Russian attack helicopter

The Mil Mi-28 (NATO reporting name "Havoc") is a Soviet heavy-weight, all-weather, day-night, tandem-seat anti-armour military attack helicopter. It is an attack helicopter with no intended secondary transport capability and is better optimized for the role than the Mil Mi-24 gunship. It carries a single autocannon in a rotating under-nose barbette, plus external loads carried on pylons beneath stub wings.

== Development ==

=== Origins ===
In 1972, following the completion of the Mil Mi-24, development began on a unique attack helicopter with transport capability. The new design had a reduced transport capability (3 troops instead of 8) and omitted the cabin to provide better overall performance and higher top speed. Improved performance was important for its intended role fighting against tanks and enemy helicopters and covering helicopter landing operations.

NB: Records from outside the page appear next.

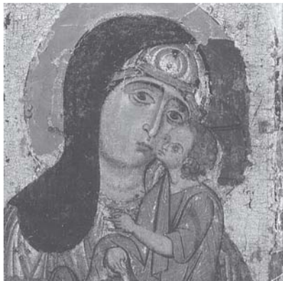
И под покровом – Девушкой Марией не забыта, К любви зывает МАТЬ В укор антисемитам...
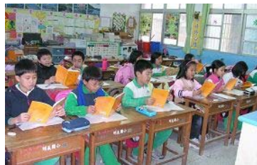
明慧社团阅读法轮功书籍

每到学期结束，总是要做一些检测，进行省思，这学期当然也不例外。记的学期开始，除了一二位生面孔外，其他就是老班底了，不过新生也很快就能跟上进程，所以整学期下来，学习过程是相当的平顺。以下就是花莲明义国小的明慧组小朋友跟大家的分享。
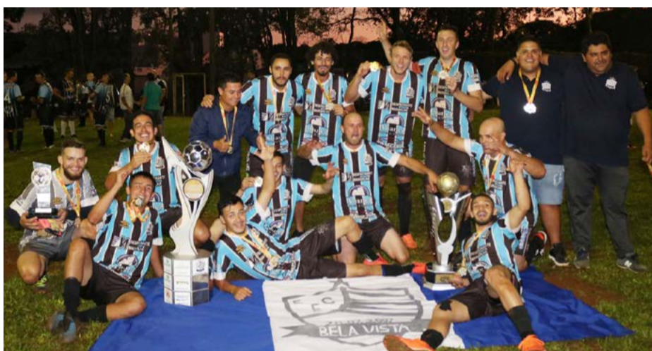
1º lugar: Esporte Clube Esportivo Bela Vista
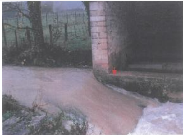
Photo du site - La flèche indique le point de nivellement de référence
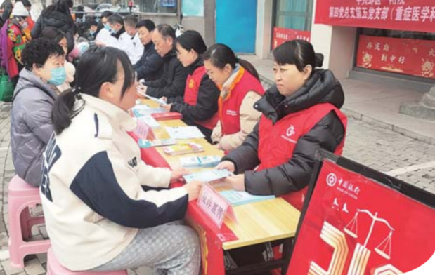
3月6日,地委宿舍社区新时代文明实践站联合中国银行淮南路支行、蚌医大一附院、蚌滨社区淮滨小帮办、蚌滨供电公司等,开展“弘扬雷锋精神争当社区先锋”在职党员进社区志愿服务月主题活动,为群众提供义诊等志愿服务。

Initially, many different designs were considered, including an unconventional project with two main rotors, placed with engines on the tips of wings (in a perpendicular layout); and in one similarity with the late 1960s-era American Lockheed AH-56 Cheyenne attack helicopter design, with an additional pusher propeller on the tail. In 1977, a preliminary design was chosen in a classic single-rotor layout. It lost its similarity to the Mi-24, and even the canopies were smaller, with flat surfaces.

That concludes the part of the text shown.